A law allowing voluntary chemical castration was created in the UK in 2007 by then home secretary John Reid.

On April 30, 2010, a 30-year-old man in the United Kingdom found guilty of attempting to murder a 60-year-old woman in order to abduct and rape her two granddaughters (aged eight and two) agreed to undergo chemical castration as part of the terms of his sentence. He was jailed for a minimum of 10 years at the High Court in Glasgow.

Oceania

Australia
In 2010, a  58-year-old repeat child sex offender who had been subject to chemical castration was accused of inappropriately touching and kissing a seven-year-old young girl. He was found not guilty by a jury, which was not informed of the context of his previous offenses.

New Zealand 
In New Zealand, the antilibidinal drug cyproterone acetate is sold under the name Androcur. In November 2000 convicted child sex offender Robert Jason Dittmer attacked a victim while on the drug. In 2009 a study into the effectiveness of the drug by Dr David Wales for the Corrections Department found that no research had been conducted in New Zealand into the effectiveness and such trials were "ethically and practically very difficult to carry out."

Objections 
The American Civil Liberties Union of Florida opposes the administration of any drug that is dangerous or has significant irreversible effect as an alternative to incarceration; however, they do not oppose the use of antiandrogen drugs for sex offenders under carefully controlled circumstances as an alternative to incarceration.  Law professor John Stinneford has argued that chemical castration is a cruel and unusual punishment because it exerts control over the mind of sex offenders to render them incapable of sexual desire and subjects them to the physical changes caused by the hormones used.

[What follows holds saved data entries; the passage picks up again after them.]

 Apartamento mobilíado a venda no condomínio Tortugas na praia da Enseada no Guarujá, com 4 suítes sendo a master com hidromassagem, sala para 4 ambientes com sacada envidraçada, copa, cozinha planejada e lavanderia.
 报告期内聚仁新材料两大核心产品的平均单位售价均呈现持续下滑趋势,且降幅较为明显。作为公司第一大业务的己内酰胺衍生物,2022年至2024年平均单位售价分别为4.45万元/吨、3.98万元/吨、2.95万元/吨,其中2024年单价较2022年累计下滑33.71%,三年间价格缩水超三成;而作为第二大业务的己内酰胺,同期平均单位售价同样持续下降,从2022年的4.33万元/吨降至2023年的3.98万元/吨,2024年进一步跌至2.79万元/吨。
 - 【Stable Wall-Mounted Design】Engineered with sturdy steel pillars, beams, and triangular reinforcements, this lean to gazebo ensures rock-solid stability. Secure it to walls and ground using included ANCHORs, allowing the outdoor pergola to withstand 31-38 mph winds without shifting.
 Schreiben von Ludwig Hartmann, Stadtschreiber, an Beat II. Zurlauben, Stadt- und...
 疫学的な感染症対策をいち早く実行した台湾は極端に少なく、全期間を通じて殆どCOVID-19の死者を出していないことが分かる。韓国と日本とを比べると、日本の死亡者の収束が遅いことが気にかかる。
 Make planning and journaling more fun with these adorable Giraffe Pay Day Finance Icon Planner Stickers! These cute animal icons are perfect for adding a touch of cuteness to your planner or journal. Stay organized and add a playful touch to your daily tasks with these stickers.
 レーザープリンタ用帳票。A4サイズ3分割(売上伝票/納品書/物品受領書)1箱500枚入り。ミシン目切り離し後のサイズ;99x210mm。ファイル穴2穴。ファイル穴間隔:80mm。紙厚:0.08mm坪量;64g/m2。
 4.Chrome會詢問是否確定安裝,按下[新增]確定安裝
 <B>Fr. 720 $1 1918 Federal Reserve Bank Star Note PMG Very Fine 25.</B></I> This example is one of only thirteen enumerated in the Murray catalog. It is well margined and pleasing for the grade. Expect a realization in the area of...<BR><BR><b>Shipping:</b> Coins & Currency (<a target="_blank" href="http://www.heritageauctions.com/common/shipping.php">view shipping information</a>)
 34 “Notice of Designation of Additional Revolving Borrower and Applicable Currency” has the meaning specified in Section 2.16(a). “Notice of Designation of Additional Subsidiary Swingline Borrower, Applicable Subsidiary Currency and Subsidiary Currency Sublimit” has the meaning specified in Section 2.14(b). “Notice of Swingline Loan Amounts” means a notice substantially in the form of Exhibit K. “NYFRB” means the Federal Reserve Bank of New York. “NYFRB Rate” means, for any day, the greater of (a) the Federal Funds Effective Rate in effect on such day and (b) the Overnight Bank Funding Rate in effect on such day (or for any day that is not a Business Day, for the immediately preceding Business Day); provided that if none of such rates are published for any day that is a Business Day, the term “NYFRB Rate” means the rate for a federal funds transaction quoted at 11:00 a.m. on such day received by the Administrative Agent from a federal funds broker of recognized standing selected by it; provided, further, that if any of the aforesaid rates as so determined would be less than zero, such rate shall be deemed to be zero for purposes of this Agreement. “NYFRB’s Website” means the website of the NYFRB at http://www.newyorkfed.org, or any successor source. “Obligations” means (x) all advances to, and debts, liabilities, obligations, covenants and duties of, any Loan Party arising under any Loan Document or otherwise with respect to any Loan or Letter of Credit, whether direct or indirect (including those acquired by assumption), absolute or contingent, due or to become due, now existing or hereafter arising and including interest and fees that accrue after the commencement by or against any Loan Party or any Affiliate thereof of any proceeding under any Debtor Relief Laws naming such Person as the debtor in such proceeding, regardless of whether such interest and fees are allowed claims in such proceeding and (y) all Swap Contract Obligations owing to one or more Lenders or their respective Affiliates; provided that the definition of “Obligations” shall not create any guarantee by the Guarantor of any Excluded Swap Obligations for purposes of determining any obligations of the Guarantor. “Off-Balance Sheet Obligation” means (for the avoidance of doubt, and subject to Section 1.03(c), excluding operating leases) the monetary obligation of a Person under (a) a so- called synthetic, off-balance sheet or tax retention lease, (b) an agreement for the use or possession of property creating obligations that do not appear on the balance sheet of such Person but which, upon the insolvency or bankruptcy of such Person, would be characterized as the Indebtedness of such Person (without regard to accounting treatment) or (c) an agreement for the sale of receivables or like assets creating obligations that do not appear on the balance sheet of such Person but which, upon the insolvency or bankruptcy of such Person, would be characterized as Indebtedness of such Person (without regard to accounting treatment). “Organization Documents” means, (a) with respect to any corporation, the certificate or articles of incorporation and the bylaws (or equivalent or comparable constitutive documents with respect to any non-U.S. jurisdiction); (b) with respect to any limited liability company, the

Some people have argued that, based on the 14th Amendment, the procedure fails to guarantee equal protection: although the laws mandating the treatment do so without respect to gender, the actual effect of the procedure disproportionately falls upon men. In the case of voluntary statutes, the ability to give informed consent is also an issue; in 1984, the U.S. state of Michigan's court of appeals held that mandating chemical castration as a condition of probation was unlawful on the grounds that the drug medroxyprogesterone acetate had not yet gained acceptance as being safe and reliable and also due to the difficulty of obtaining informed consent under these circumstances.

Treatment of cancer
A major medical use of chemical castration is in the treatment of hormone-dependent cancers, such as some prostate cancer, where it has largely replaced the practice of surgical castration.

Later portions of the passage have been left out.